Юрисдикции мирового судьи подлежали гражданские дела с исками на сумму не более 500 рублей, о личных обидах и оскорблениях, о восстановлении нарушенного владения; дела по обвинению в проступках, наказанием за которые могли быть выговор, штраф не выше 300 рублей, арест на срок не более трёх месяцев, заключение в тюрьму на срок не более года. При этом, гласил § 124 Устава уголовного судопроизводства 1864 года, «приговор мирового судьи считается окончательным, когда им определяются: внушение, замечание или выговор, денежное взыскание не свыше пятнадцати рублей с одного лица или арест не свыше трёх дней, и когда вознаграждение за вред или убытки не превышает тридцати рублей». При согласии сторон мировой судья мог решать также дела по искам без ограничения размера нанесённого ущерба или стоимости спорного имущества или договора. Плата за подачу прошения не взималась, какой-либо письменный документ не требовался — истец мог устно изложить суть своей претензии. Задачей введения института мировых судей было упрощение процесса судопроизводства, облегчение доступа малограмотного крестьянского населения страны к правосудию, легальной защите своих интересов и удовлетворению законных требований. В сущности, отчасти шла речь о добровольной помощи крупных землевладельцев крестьянам в решении юридических вопросов.
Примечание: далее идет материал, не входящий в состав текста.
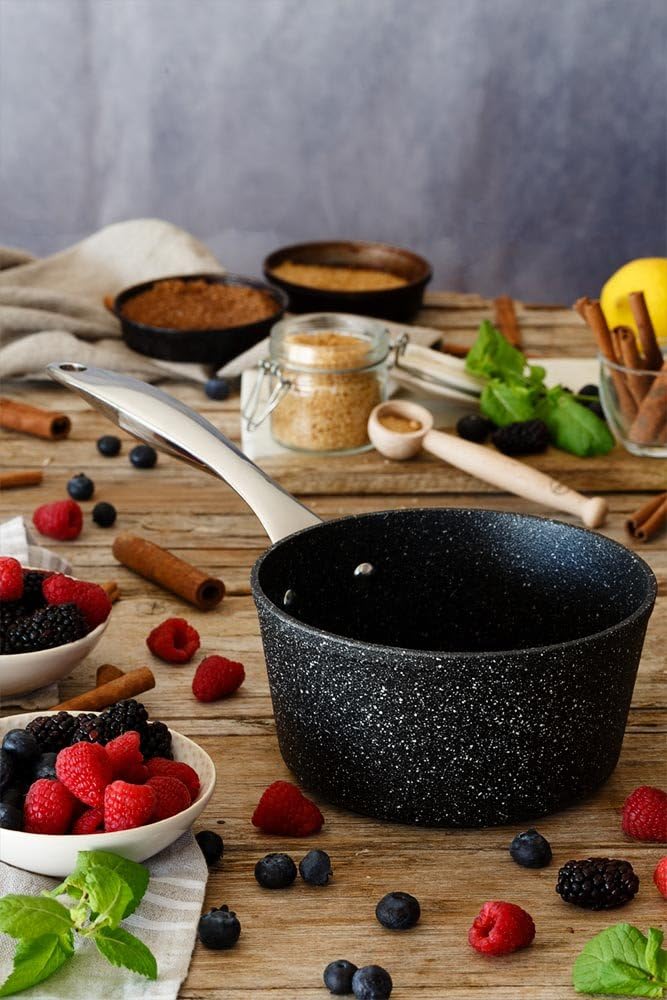 Monix Mineral Stielkasserolle, geschmiedetes Aluminium, Stein, 17 x 9,5 x 34,5 cm

В этом смысле и имущественная квота выглядит разумной — она делала сомнительной какую-либо личную заинтересованность мирового судьи в решении того или иного дела; выборность же уездным земским собранием, в котором присутствовали и гласные от крестьян, снижала риск избрания недостойных, не пользующихся доверием «лучших людей» уезда. Но у этого института с самого начала были спорные стороны, которые быстро проявились.
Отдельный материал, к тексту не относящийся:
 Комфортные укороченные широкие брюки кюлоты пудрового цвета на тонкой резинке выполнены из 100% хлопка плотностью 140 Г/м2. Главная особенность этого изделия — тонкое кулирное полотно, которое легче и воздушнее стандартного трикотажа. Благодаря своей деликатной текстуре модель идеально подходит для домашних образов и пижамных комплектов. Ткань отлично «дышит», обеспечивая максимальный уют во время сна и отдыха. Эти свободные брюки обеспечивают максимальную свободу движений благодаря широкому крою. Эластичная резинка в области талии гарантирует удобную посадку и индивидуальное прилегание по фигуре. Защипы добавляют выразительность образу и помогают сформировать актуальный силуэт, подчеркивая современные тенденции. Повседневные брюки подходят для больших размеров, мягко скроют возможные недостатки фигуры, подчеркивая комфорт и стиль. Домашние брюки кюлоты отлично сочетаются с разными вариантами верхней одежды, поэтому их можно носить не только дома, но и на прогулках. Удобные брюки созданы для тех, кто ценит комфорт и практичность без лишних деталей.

Фет избирался, как сейчас говорят, на соревновательной основе. Его соперником был бывший мировой посредник Александр Николаевич Менщиков, пользовавшийся уважением в уезде, но имевший репутацию радикала. Очевидно, Фет противостоял ему как разумный консерватор. Сам он, однако, приписывал своё решение баллотироваться неизжитому либерализму или, скорее, наивной вере в реформы и лежащие в их основе принципы: «Но ведь и я сам, не будучи радикалом, был самым наивнейшим либералом до мозга костей. Не странно ли, что, постоянно толкуя Тургеневу о том, что в деле художественной критики выеденного яйца не дам за общественный приговор, — я в то же время с простодушием ребёнка верил в общественные выборы и приговоры. Более скептический Борисов старался охладить мой либеральный пыл, уверяя, что тут никаких общественных выборов не предстоит, а что всё заранее прилажено и приказано крестьянам мировыми посредниками, и таким образом, при такой решающей массе шаров, свободная борьба невозможна». В результате «правый» Фет, произнёсший целую речь против таких попыток давления, едва не прерванную из-за публики, пытавшейся её заглушить, победил подавляющим большинством голосов (23 — «за», 9 — «против»). «…Вскорости после выборов я уехал в Москву заказать мундир и купить необходимые для судебной практики книги и бланки. <…> По утверждении выборов назначено было распорядительное заседание, и неоконченные дела бывшего земского суда розданы по четырём участковым судьям, и я получил цепь третьего мирового участка, почти в центре которого приходилась Степановка, куда я и отправился, приискав письмоводителя, более или менее знакомого с канцелярскими формальностями»{458}
, — вспоминал Фет позднее. Можно было приступать к исполнению судебных обязанностей.Сетовавший в своих очерках «Из деревни» на отсутствие у крестьян уважения к законам, Фет не собирался в роли мирового судьи радикально способствовать изменению существующего положения дел. Программа, которой новоиспечённый мировой собирался руководствоваться, была умеренной. Незнание законов и правил судопроизводства его не смущало — он готов был всё это освоить; сделать это было не сложнее, чем превратиться в успешного сельского хозяина, не имея до сорока лет никакого отношения к земле. Более того, ему представлялось, что именно этого и требует дух реформы, привлекая к судебной деятельности свежего человека, не погрязшего в крючкотворстве и потому способного смотреть на всякое дело не как формалист, а как здравомыслящий человек.